The 3 amp transformer should not have blown the house breaker, unless
the circuit was already very close to overloaded.

Are you sure the transformer was connected the right way around - if
you connected the secondary (12 volt) side to the 120 volt outlet,
that may be the reason the breaker blew.

What you really need is a 12 volt transformer rated at 10 amps or more
(if one of the other poster's numbers are correct).

Anything simple that you add in series with the light will dissipate
power and get hot. If the lamp really wants 9 amps, and you try to
reduce the current to 3 amps, the lamp will be very dim.

--
Peter Bennett, VE7CEI
peterbb4 (at) interchange.ubc.ca
new newsgroup users info : http://vancouver-webpages.com/nnq
GPS and NMEA info: http://vancouver-webpages.com/peter
Vancouver Power Squadron: http://vancouver.powersquadron.ca
 
D

Dan O'Connor

Jan 1, 1970
0
I think I wired it correctly, I wired the two yellow wires to the outlet,
and the two black wires on the other side to the light. However,, I was
only using a two pronged plug, and I didn't connect the third wire on the
yellow wire side (which had 2 yellow wires and one black wire) to anything.
Could that be my problem?
 
K

Ken Moffett

Jan 1, 1970
0
Dan said:
I think I wired it correctly, I wired the two yellow wires to the outlet,
and the two black wires on the other side to the light. However,, I was
only using a two pronged plug, and I didn't connect the third wire on the
yellow wire side (which had 2 yellow wires and one black wire) to anything.
Could that be my problem?

If my years of experience serve me correctly, you got it backwards.
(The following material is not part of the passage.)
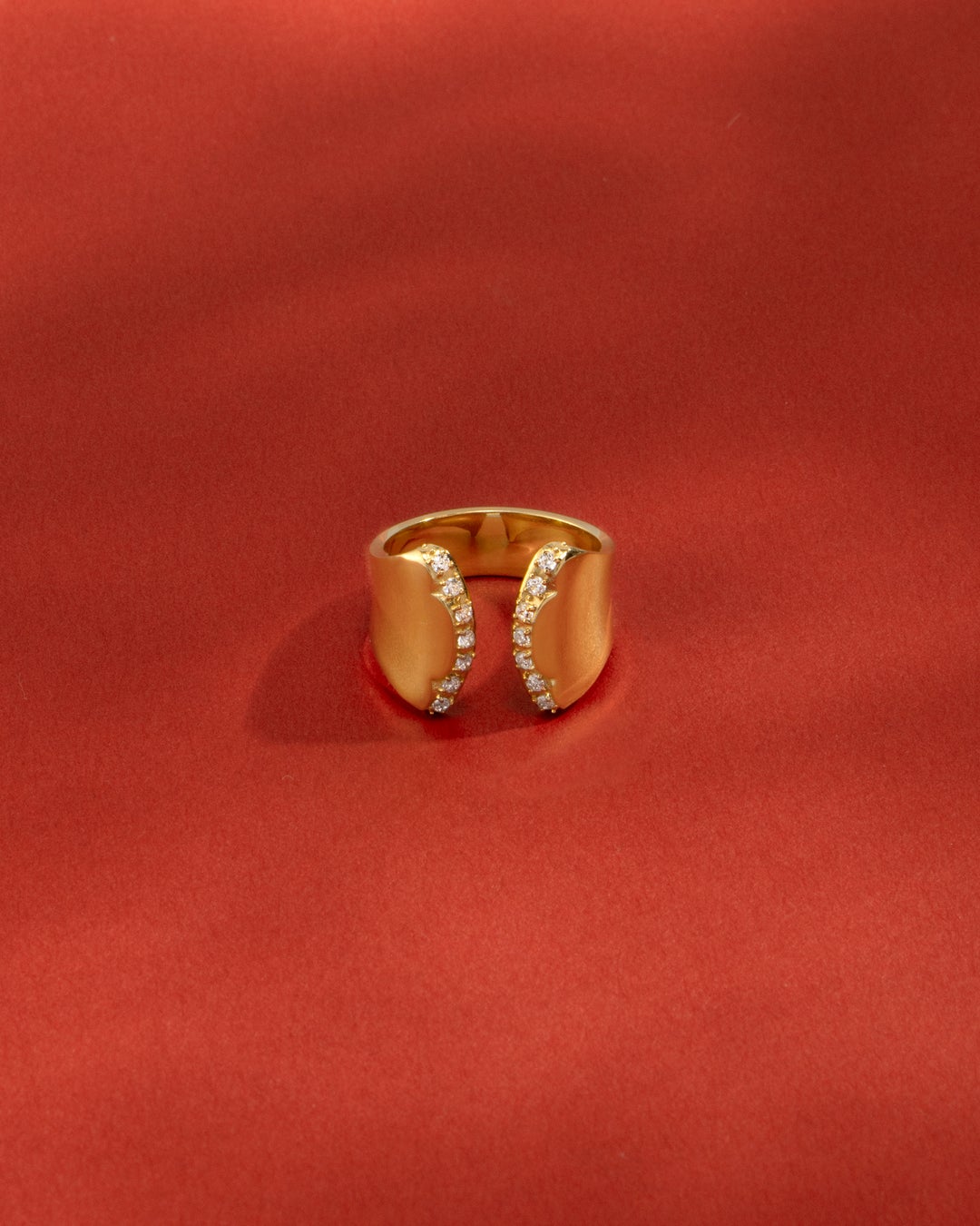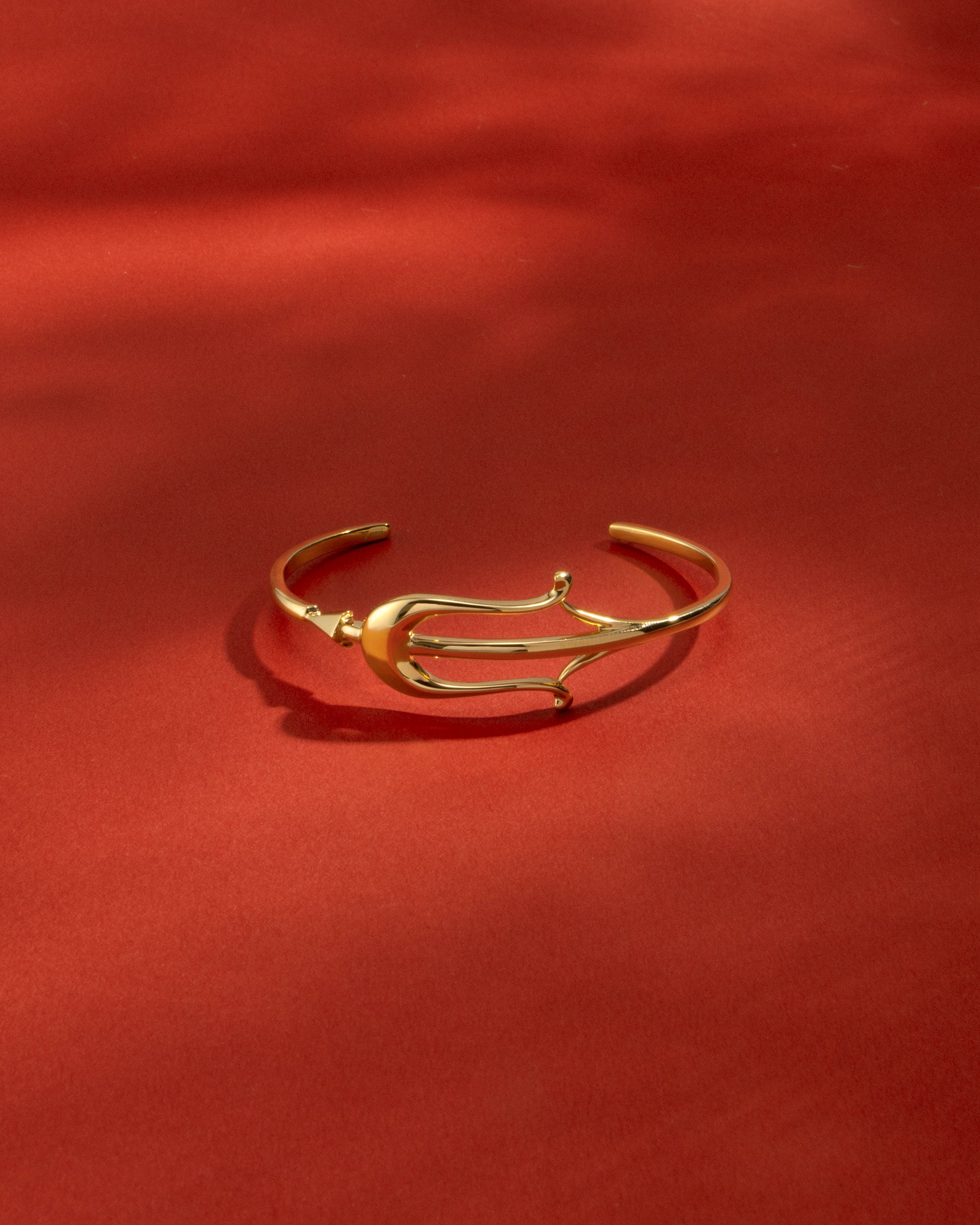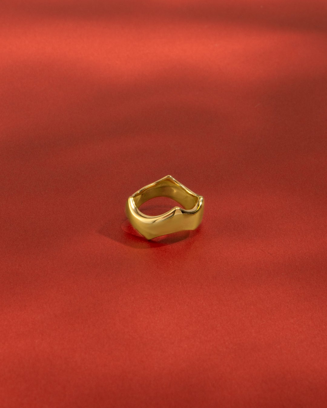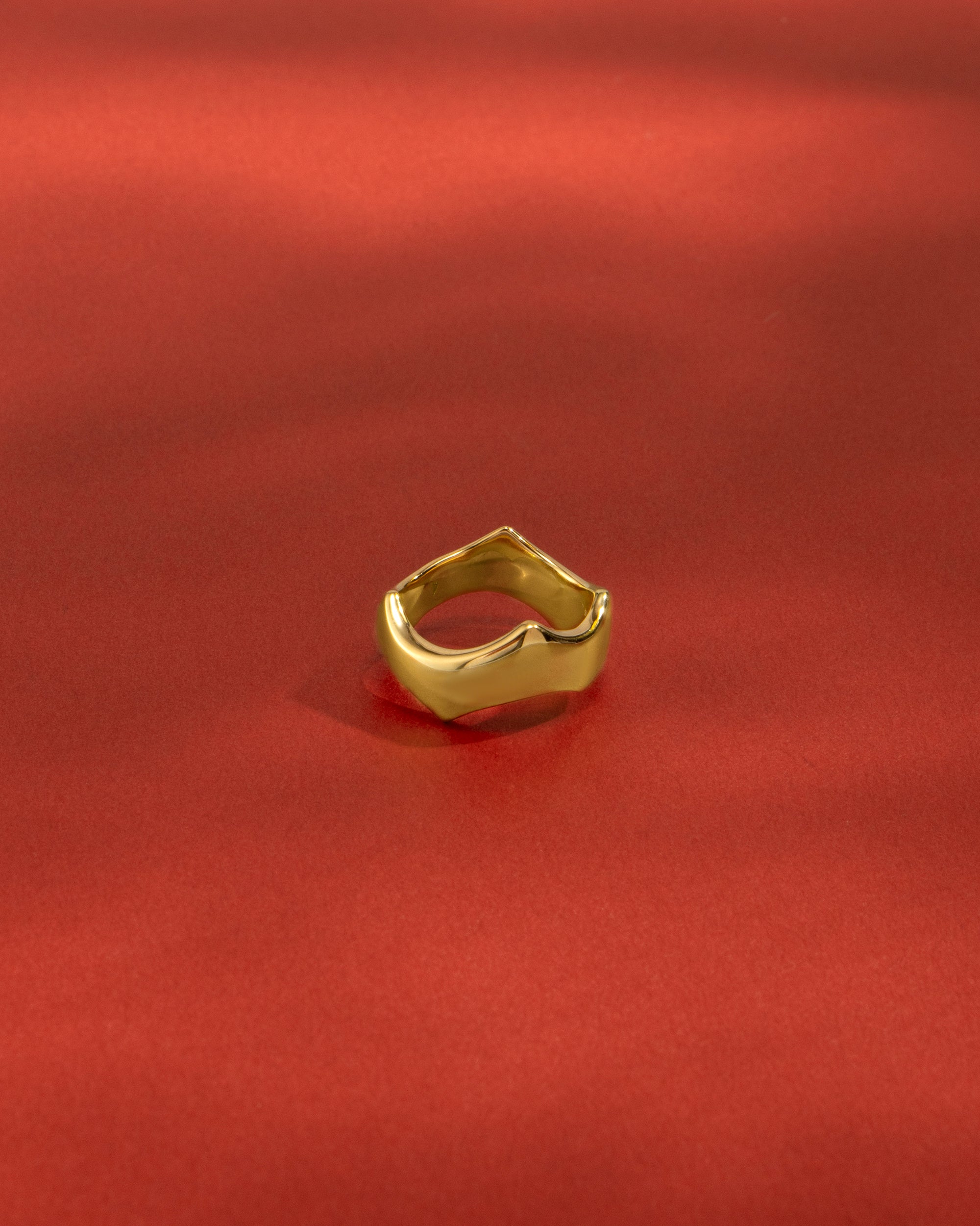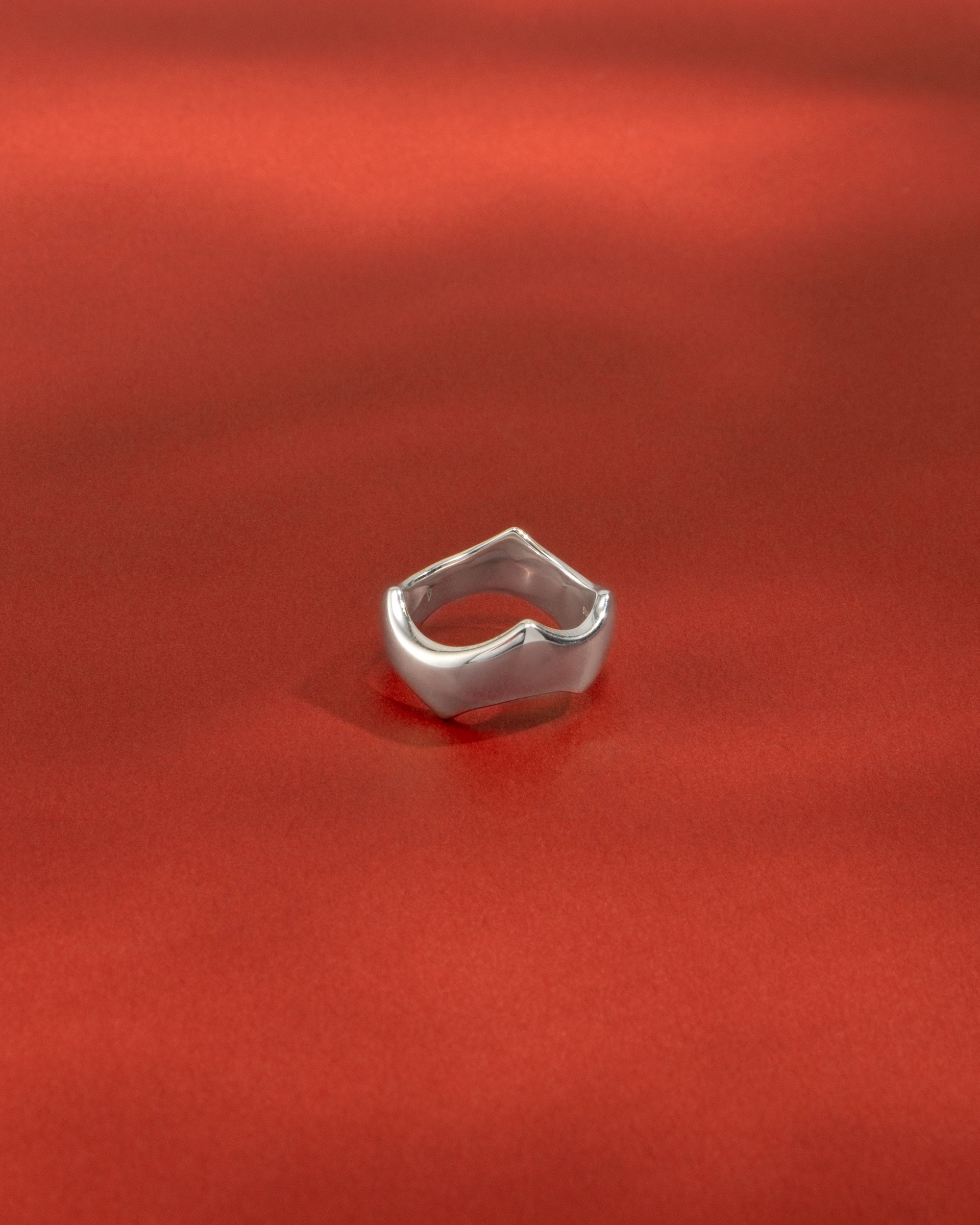 艶やかに磨かれた地金の表面は、反るようにカーブをつけることでボリュームが

I
can see why the circuit breaker tripped. "Normally" the black wires are
the primary (115v) and the yellow wires are the secondary (12v). The
yellow/black wire is a center-tap on the secondary. If you have an
ohmmeter, measure the resistance of the two windings to verify this. The
higher resistance winding will be the primary and should be connected to
the house power. The low resistance winding is the secondary and should
be wired to the lamp. If you connect the lamp across the two yellows,
you will get about 12v and overload the transformer. The transformer can
only supply 3A but your load is trying to draw 9A. If you connect your
lamp between one yellow and the yellow/black, you will get about 6v to
the lamp. The lamp will be pretty dim, and you're still overloading the
transformer. Now the load only tries to draw 4.5A, but the transformer
is still only able to supply 3A safety.

Per another poster...Get different (bigger) transformer.

With that...I have successfully used lamp dimmers (available at hardware
stores) in series with transformer primaries to control the
secondaries' output voltages for low-voltage lamps, heaters, and
hot-wire foam cutters.

Hot---dimmer---primary---neutral
 
F

Fred Bloggs

Jan 1, 1970
0
Dan said:
I think I wired it correctly, I wired the two yellow wires to the outlet,
and the two black wires on the other side to the light. However,, I was
only using a two pronged plug, and I didn't connect the third wire on the
yellow wire side (which had 2 yellow wires and one black wire) to anything.
Could that be my problem?

Sounds like you connected a center tapped step-down secondary to the
line - and this IS a problem. Your thread belongs on
sci.electronics.basics and not here, and I don't know what degree of
mental vacancy plays around with electrical equipment at line voltages
when you clearly lack even the slightest clue as to what you're doing.